[Source data]
▼
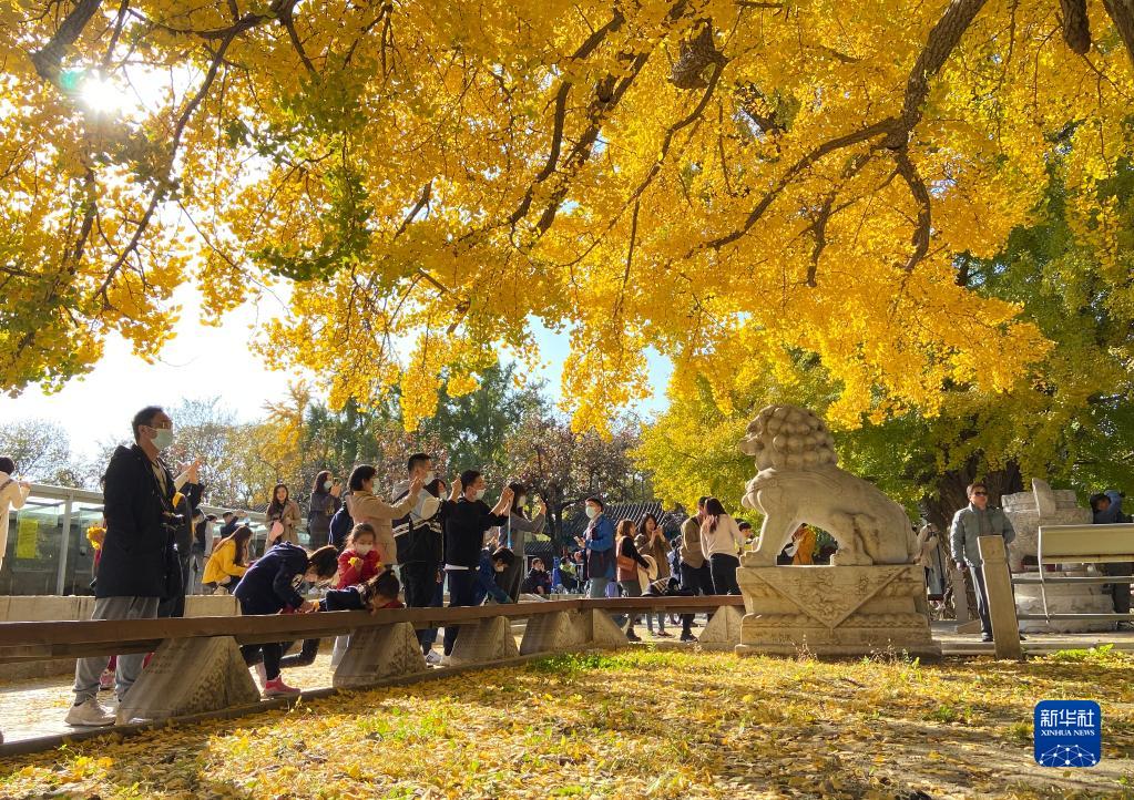 10月31日,人们在北京五塔寺欣赏秋景(手机照片)。
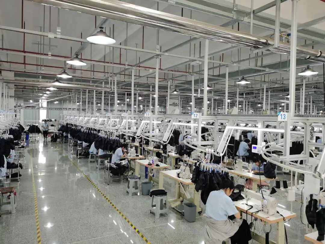 4月14日,走进河南省驻马店市西平县阿尔本服饰生产车间,此起彼伏的哒哒声萦绕耳畔,近千平米的生产车间中已经看不到搬运制衣布料和成品货物的工人,取而代之的是来回穿梭的背负式AGV智能机器人(自动引导运输车)、AGV叉车、ACR智能机器人(箱式仓储机器人)等智能化设备。
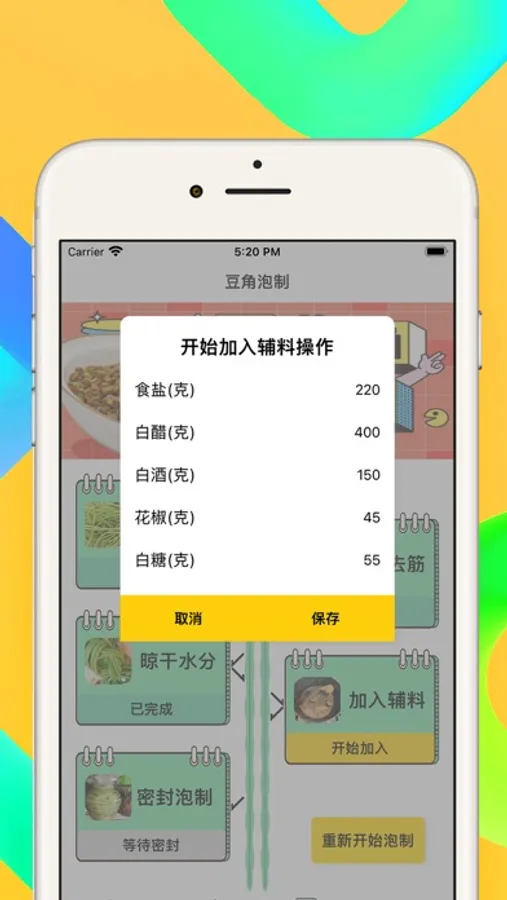 酸豆角的泡制方法有很多种、辅料的选材及用量各异,本应用采用的辅料为食盐、白醋、白酒、花椒、白糖,用量大家可以自由选择尝试。
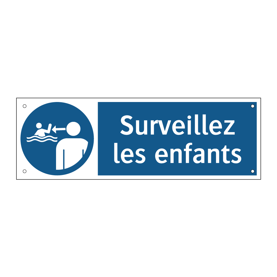 Panneau d'obligation avec le texte : "Surveillez les enfants"
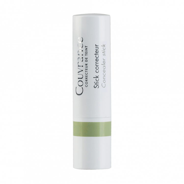 Couvrance Stick Corretor Verde indicado para pele sensível. Deve-se colocar por cima de cuperose, cicatrizes recentes, angiomas, vasos visíveis, vermelhidão pós-laser.
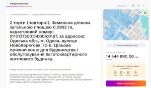 В Одесі продають за майже 14,5 млн, заарештовану судом, земельну ділянку поряд зі скандальним ЖК
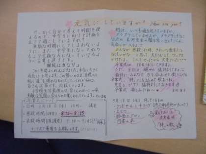 (上・中)6年生へのメッセージを作りました。卒業式の次第と合わせて、来週、お届けします。
▲
WORK TO COMPLETE: Only the line with "Couvrance Stick Corretor" and those preceding it, back to the first line of the entries, should be repeated exactly, without pictures.

ANSWER FOR THIS EXERCISE:
 10月31日,人们在北京五塔寺欣赏秋景(手机照片)。
 4月14日,走进河南省驻马店市西平县阿尔本服饰生产车间,此起彼伏的哒哒声萦绕耳畔,近千平米的生产车间中已经看不到搬运制衣布料和成品货物的工人,取而代之的是来回穿梭的背负式AGV智能机器人(自动引导运输车)、AGV叉车、ACR智能机器人(箱式仓储机器人)等智能化设备。
 酸豆角的泡制方法有很多种、辅料的选材及用量各异,本应用采用的辅料为食盐、白醋、白酒、花椒、白糖,用量大家可以自由选择尝试。
 Panneau d'obligation avec le texte : "Surveillez les enfants"
 Couvrance Stick Corretor Verde indicado para pele sensível. Deve-se colocar por cima de cuperose, cicatrizes recentes, angiomas, vasos visíveis, vermelhidão pós-laser.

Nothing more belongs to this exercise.